Arbeiten, um die Arbeit zu finanzieren
Im Vorfeld hatte auch sie einen Brief an den neuen Gesundheitsminister verfasst:
„Ich als Ergotherapeutin wollte auch etwas machen und dann habe ich diesen Brief geschrieben. Das hat mich ein wenig Überwindung gekostet.“
Darin stellt sie dar, dass es ein Unding sei, für die Ausbildung über 18.000 Euro zahlen zu müssen und anschließend einen Bruttolohn von durchschnittlich 2.200 Euro in Hamburg zu erhalten. Zudem kosten notwendige Fortbildungen mehrere Tausend Euro und müssen häufig privat übernommen werden. Darüber hinaus wird lediglich die Behandlung von Patienten bezahlt, nicht aber die Dokumentation und Berichterstattung, weshalb viele Therapeuten die Behandlungszeit verkürzen müssen.

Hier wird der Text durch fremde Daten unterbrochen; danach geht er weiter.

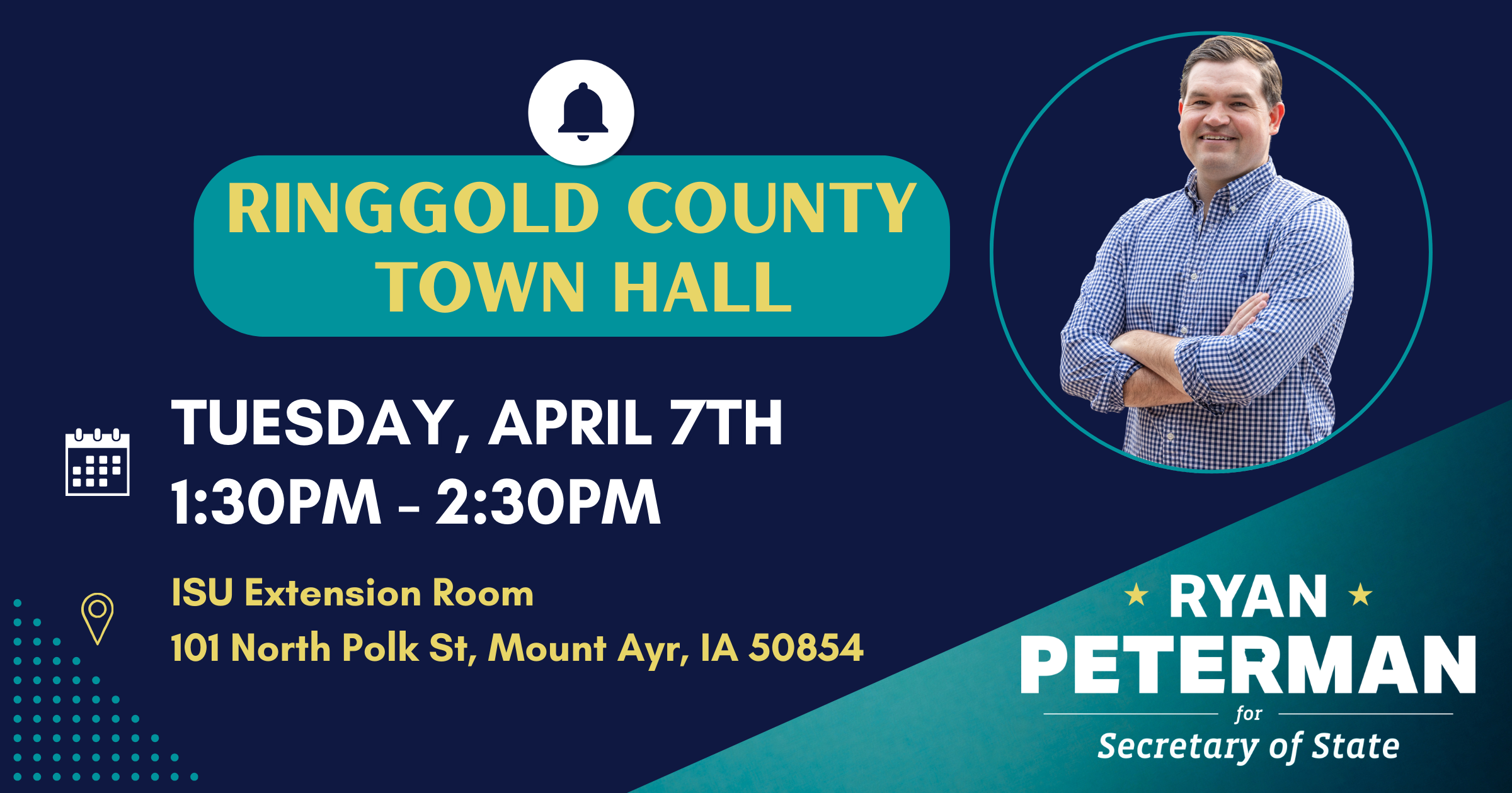 Come meet Iowa Secretary of State candidate Ryan Peterman in Mount Ayr as part of his town hall tour! Ryan is a former Navy helicopter pilot running for Secretary of State to protect our right to vote, strengthen our small businesses, and restore honor and integrity to the office.

In Bezug auf den Fachkräftemangel betont Guhl die langen Wartelisten, die viele Patienten frustrieren, doch mehr gehe aufgrund der ausgebuchten Praxen einfach nicht, gesteht die Ergotherapeutin. Auch, wenn sie in diesem Berufsfeld ihre Berufung gefunden hat, so „kann ich es nicht unterstützen, dass Leute Ergotherapeuten werden und das tut weh. Ich mache das nur für meine Patienten, um ihnen zu helfen und kann mir keinen anderen Beruf vorstellen.“ Trotzdem hat sie Verständnis für ihre Kollegen, die sich beruflich umorientieren, da sie sich ihre Arbeit nicht mehr leisten können.
Auch in anderen Städten gehen Therapeuten derzeit mit der Kreide auf die Straße. Für den 26. August ist außerdem eine bundesweite Kreideaktion geplant.